Déjà existaient quelques universités et collèges, où s’étaient conservés, sous la tutelle anglaise, des tisons de l’ancienne culture asiatique. Aligarh était depuis quarante-cinq ans une université musulmane, centre de la culture islamique dans l’Inde. Le collège de Khalsa était le centre de la culture Sikh. Les Hindous avaient l’université de Bénarès. Mais ces institutions scolastiques un peu arriérées étaient soumises au gouvernement, qui les subventionnait. Gandhi aurait voulu les détruire, pour y substituer des foyers plus purs.

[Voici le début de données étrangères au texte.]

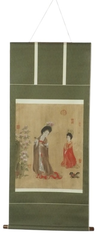 - 中国古玩 中国古美術 蠶花仕女図 周芳 紙本掛軸 TMA704
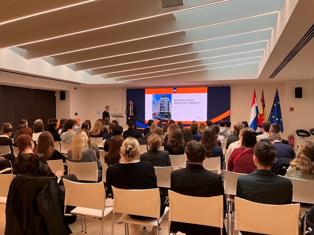 In the afternoon, we moved to the Permanent Representation of the Netherlands to the EU. Here, several speakers gave insightful presentations, including Tristan Schyns (Adviser Dutch Presence in Brussels), Kaja Flieder (Accredited Parliamentary Assistant at the European Parliament), and Casper de Boer (Policy Officer/ Country Team Leader, DG JUST European Commission). The special guest was Max Valstar, Deputy Head of Mission at the Embassy of the Netherlands in Belgium.
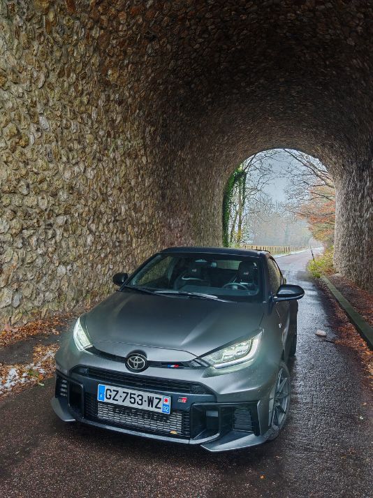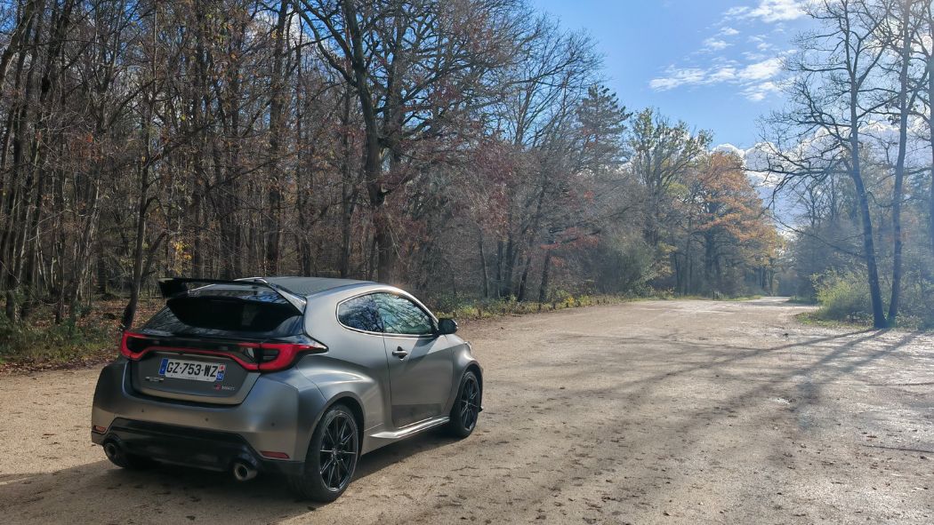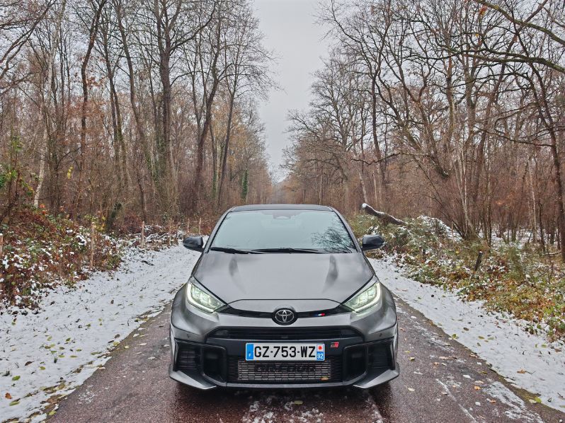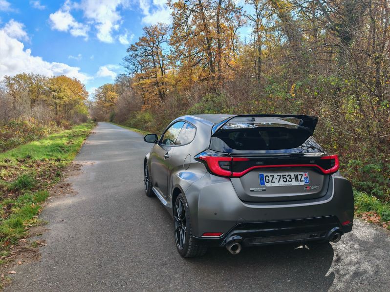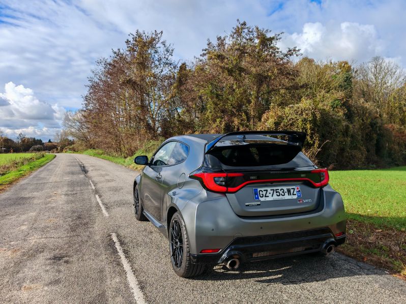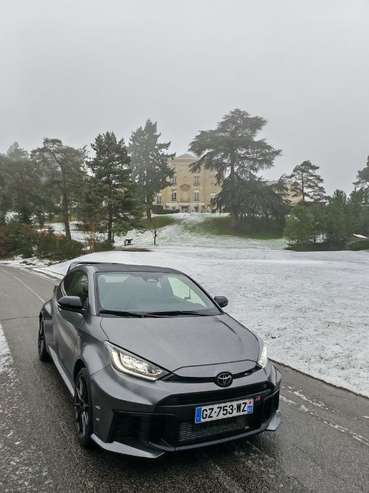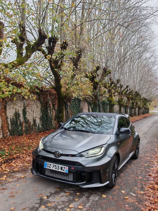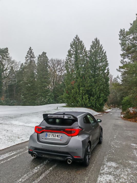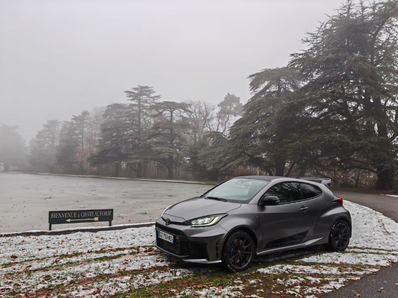 Cependant, je me suis beaucoup amusé avec cette nouvelle GR Yaris. Et je n’ai pas tant râlé sur son manque de polyvalence par rapport à mes critères habituels dont celui de disposer d’une boîte automatique et de suspensions pilotées. Impossible de l’envisager comme seule voiture du foyer en région parisienne mais si vous vivez dans des zones montagneuses ou dans des campagnes aux multiples routes sinueuses, y a de quoi se régaler. Et aussi se fatiguer. Cela reste éprouvant de conduire aussi ardemment. C’est aussi pour cela que j’ai profité du bitume trempé pour donuter en mode Seb et en coupant l’ESP. Quoi de plus récréatif que de pivoter sur la roue intérieure gauche en glisse sur 360° ? La réponse est simple : le faire sur 720°.

En novembre 1920, il inaugura l’Université nationale du Gujerat, à Ahmedabad. Elle s’inspirait des idéals d’une Inde unie. Ses deux piliers religieux étaient le Dharma des Hindous et l’Islam des Mahométans. Elle prétendait sauver les dialectes de l’Inde et en faire les sources de régénération nationale. Gandhi considère, à juste raison[88] — et nous pouvons faire notre profit de ses paroles — « qu’une étude systématique des cultures asiatiques n’est pas moins essentielle à une éducation complète que l’étude des sciences d’Occident. Les vastes trésors du sanscrit et de l’arabe, du persan, du pâli et du magadhi, doivent être explorés, afin que l’on retrouve les secrets de la force nationale ». Mais il n’est pas question de répéter ce qui fut dit ou fait, aux temps écoulés. « Il faut fonder une culture nouvelle sur celles du passé, enrichies par l’expérience des siècles. Elle doit être la synthèse des civilisations différentes, qui ont agi sur l’Inde et subi l’esprit du sol. Cette synthèse ne sera point effectuée sur le modèle américain, où une culture dominante absorbe et écrase tout le reste. Chaque culture aura sa place légitime. Le but est harmonie, et non unité factice par la force. » Tous les étudiants auront à connaître toutes les religions indiennes. Les hindous se familiariseront avec le Coran, et les musulmans avec les Shâstras. L’Université nationale n’exclut rien que l’esprit d’exclusion. Dans l’humanité entière, elle n’admet point d’« intouchables ». L’hindoustani sera obligatoire, car il est le vrai dialecte national, mélangé de sanscrit, de hindi, et de urdu persianisé[89].
[88] 17 novembre 1920.
[89] L’anglais n’est pas exclu, (ni aucune langue européenne). On le réserve aux cours supérieurs, à la fin du cycle scolaire. En revanche, les dialectes sont employés, à tous les degrés universitaires. Gandhi rêve d’un état supérieur de l’existence universelle, où toutes ces différences persistent dans l’unité, non pas comme des divisions, mais « comme les facettes d’une même pierrerie. » (juin 1920).
Les intellectuels recevront l’éducation professionnelle, et les autres l’éducation littéraire. Ainsi s’atténueront les différences de classes. L’esprit d’indépendance sera entretenu non seulement par l’étude, mais par une éducation que Gandhi nomme « vocationnelle »[90]. A l’encontre de l’éducation européenne qui déprécie le travail manuel en ne développant que le cerveau, Gandhi veut que le travail manuel soit introduit à l’école, dès les classes enfantines. Il est bon que l’enfant paye lui-même en travail de filage son enseignement, afin qu’il apprenne sans retard à gagner sa vie et son indépendance. Quant à l’éducation du cœur, que l’Europe néglige complètement, elle est toute à fonder. Et, avant de former les élèves, il faut former les éducateurs.